- Opening Delimiter -

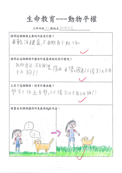 當初在思考「生命教育~動物保護」的相關講座時,希望課程內容除了要貼近三年級孩子的生活經驗,更讓孩子有加深加廣的學習。也很幸運的,看到「台灣動物平權促進會」網站上針對動物平權有許多的影片和介紹,協會也利用繪本教學、圖畫、講座、體驗等多元方式,讓學生了解動物平權的意義。
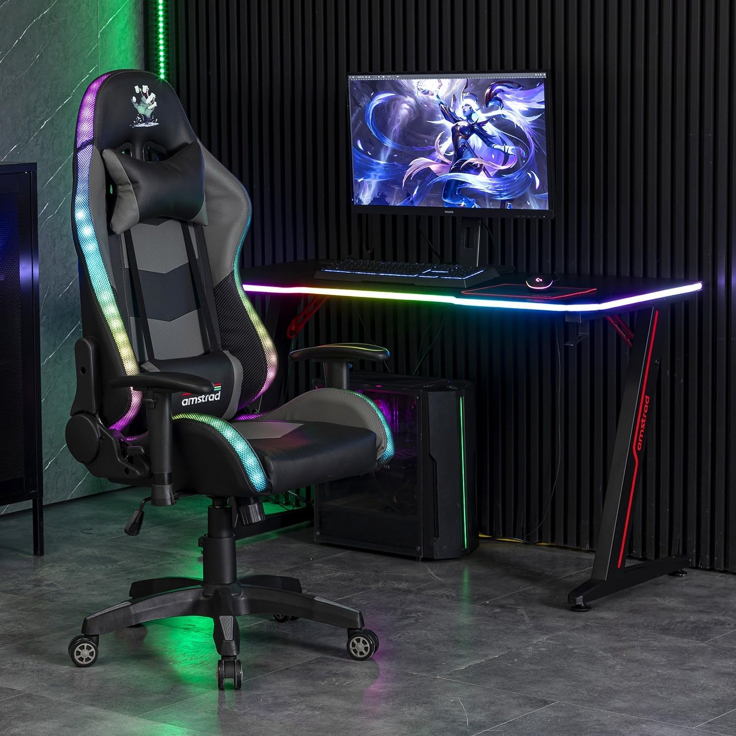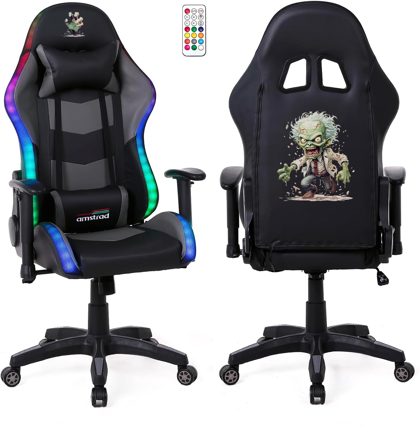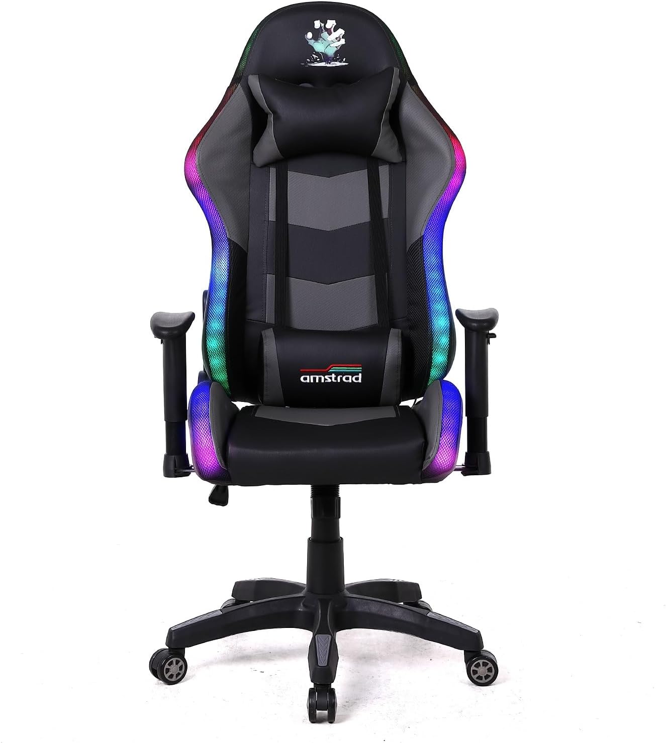 Très satisfait de ce fauteuil gaming Amstrad Elite-LED-Zombie : design noir et gris original, assise confortable pour de longues sessions, les éclairages LED et la télécommande créent une vraie ambiance personnalisable, les accoudoirs 2D sont pratiques et la construction paraît solide pour le prix.
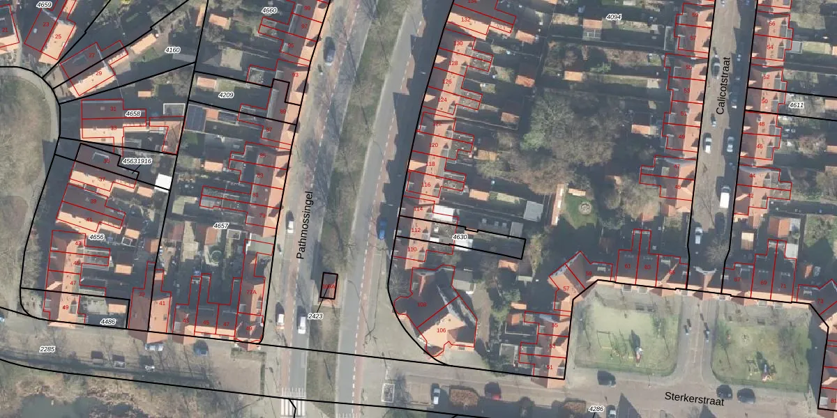 Pathmossingel 114 is gelegen op kadastraal perceel ESD00G4094. Deze kadastrale aanduiding is uniek en wordt gebruikt door het Kadaster om eigendomsrechten en andere zakelijke rechten vast te leggen. Het perceel maakt onderdeel uit van de kadastrale gemeente Enschede.

- Closing Delimiter -

### EXERCISE INSTRUCTIONS
All text in the material above must be written out exactly; the images are to be skipped.

### EXERCISE OUTPUT
 當初在思考「生命教育~動物保護」的相關講座時,希望課程內容除了要貼近三年級孩子的生活經驗,更讓孩子有加深加廣的學習。也很幸運的,看到「台灣動物平權促進會」網站上針對動物平權有許多的影片和介紹,協會也利用繪本教學、圖畫、講座、體驗等多元方式,讓學生了解動物平權的意義。
 Très satisfait de ce fauteuil gaming Amstrad Elite-LED-Zombie : design noir et gris original, assise confortable pour de longues sessions, les éclairages LED et la télécommande créent une vraie ambiance personnalisable, les accoudoirs 2D sont pratiques et la construction paraît solide pour le prix.
 Pathmossingel 114 is gelegen op kadastraal perceel ESD00G4094. Deze kadastrale aanduiding is uniek en wordt gebruikt door het Kadaster om eigendomsrechten en andere zakelijke rechten vast te leggen. Het perceel maakt onderdeel uit van de kadastrale gemeente Enschede.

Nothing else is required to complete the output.